Largest Shipbuilding Company in Russia

JSC United Shipbuilding Corporation (USC; Объединённая судостроительная корпорация, ОСК) is an open joint stock company in Russia which unites shipbuilding, repair and maintenance subsidiaries in western and northern Russia, and in the country's Far East, to streamline civilian shipbuilding using military facilities.

As of 2021, the corporation constructed up to 80% of ships in Russia.

==History==
United Shipbuilding Corporation was established in 2007 by a series of Presidential Decrees signed by President Vladimir Putin. According to the decree, the corporation has 3 subsidiaries: the Western Shipbuilding Center in St. Petersburg (Admiralty Shipyard), the Northern Shipbuilding and Maintenance Center in Severodvinsk and the Far Eastern Shipbuilding and Maintenance Center in Vladivostok. The state owns 100% of the shares.
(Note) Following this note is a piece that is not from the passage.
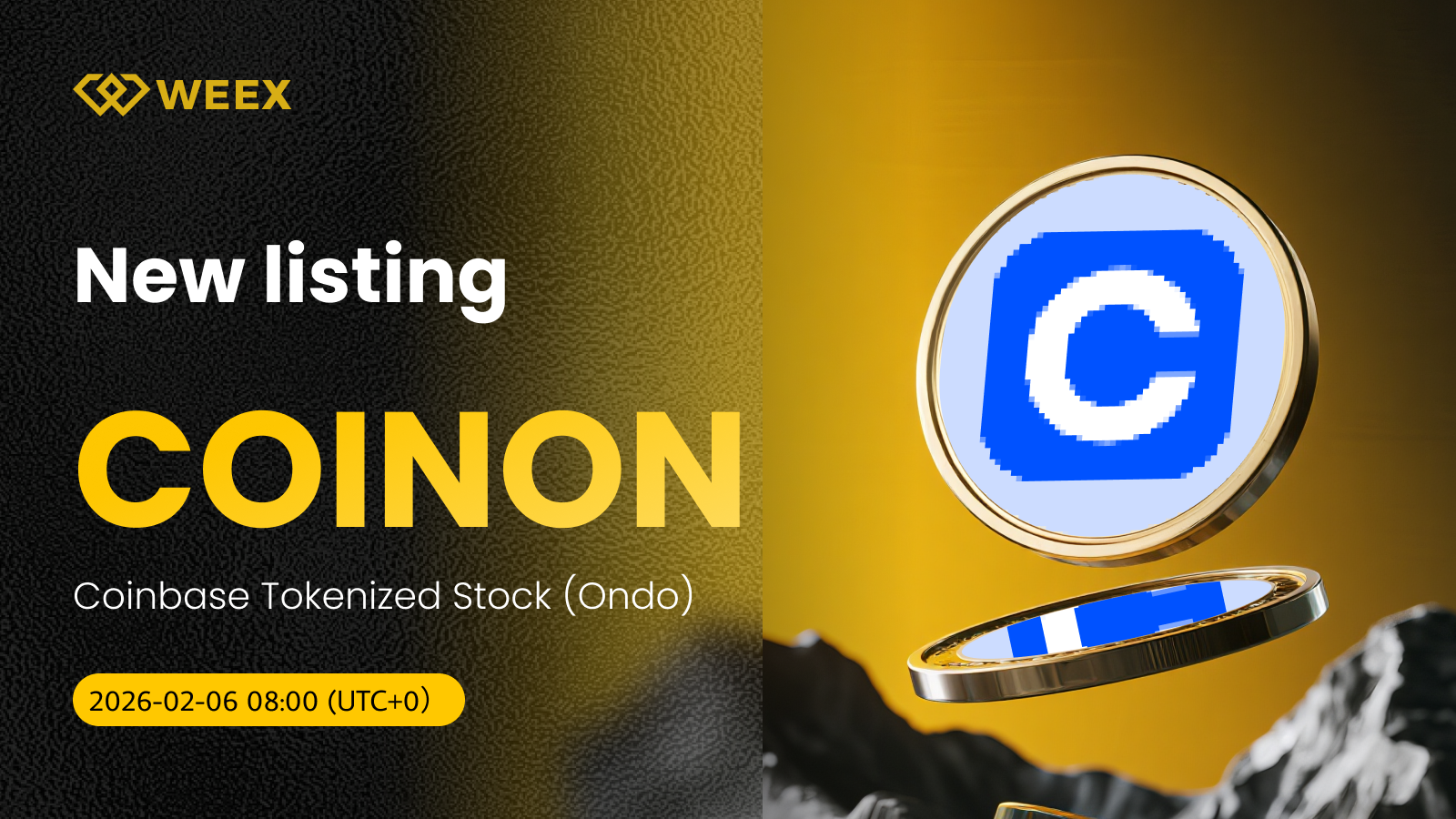 Coinbase Tokenized Stock (Ondo) (COINON) now available on WEEX!

In June 2012 Andrei Dyachkov was appointed to its president.

On May 21, 2013, Russian President Putin said that Vladimir Shmakov would be appointed as a new president of the corporation the following week.

On 29 July 2014, the company was sanctioned by the United States.

In 2016, the company's revenue amounted to 49 billion rubles.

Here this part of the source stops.